After turning in that last assignment, I had an emotional twelve minutes of disbelief, followed by a surge of unemployed panic, my new constant state of being. I also have lost my gimmick. I'm no longer a co-ed. If someone were to ask, "What do you do?", my response now would be a charmless, "I'm looking for a job." It was fun to stir up admiration in strangers by explaining that I was a student, fitness instructor and single mother. Now...well, not so much.
I'm scared. And I feel incredibly powerless.
If I look back on my journey from pathetic not-yet-divorcee to now, the times when I've felt most strong were those moments when I [thought I] was in control of my destiny. When I got my cooking gig at Hope Care Center, I finally knew that I could create my new life.
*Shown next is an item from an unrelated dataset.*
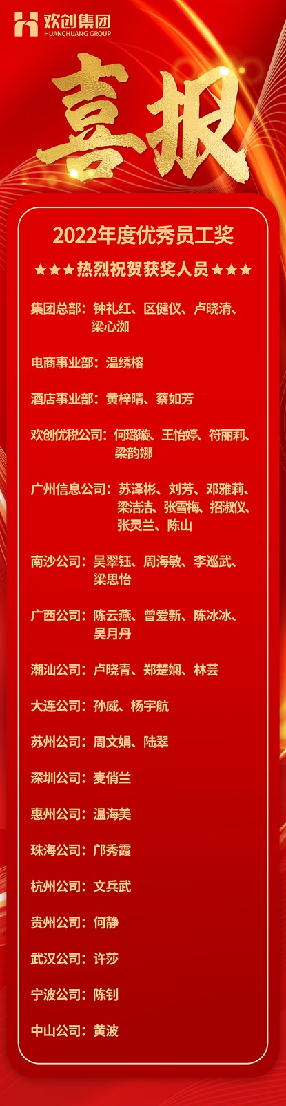 根据乐鱼网页版集团公告的2022年度评优方案,经过各单位的推荐及集团的评审,2022年度乐鱼网页版集团员工个人类奖项评优结果出来啦!现将获奖情况公告如下:

I knew money would be tight, but I was certain I could do it. When I later realized I wanted more and started my college career, I felt like the world would soon be my oyster. As challenging as those two years were, I felt like I was making something of myself. I thought I was demonstrating perseverance to my children. I was certain I was creating some fantastic new adventure for my family.
And now, two weeks after graduation, I'm wrought with fear and self-doubt. I'm looking at jobs and careers and see that I probably should have gotten a degree in business or accounting or engineering (wasn't gonna happen, but I'm doubting myself right now -- please play along). I see that I don't know the first thing about getting a grown-up job. Mark, Spinning Marcy and others are coaching me on the ways of networking and schmoozing and charming my way into a job. I've been warned that it doesn't happen overnight -- it takes years to build a career. WHY DIDN'T SOMEONE MAKE ME DO THIS WHEN I WAS 23???
Okay. Now that I've gotten that out...just to clarify (because I haven't blogged much in the last three months), I'm not pursuing my R.D. anymore -- at least not right now. I don't really want to go to grad school in the fall. I would like to begin a career that merges fitness and nutrition with my old happy-go-lucky self. Corporate wellness, more or less. I want to organize weight loss challenges, teach cooking classes, tell people what to eat, convince folks to run a 10K, all under the umbrella of an employee-minded organization that sees the value in caring for their associates' health.
So feel free to network me into a gig. I'd love to turn my back on the insecure version of Jennifer. She's way less fun than her foolishly optimistic counterpart.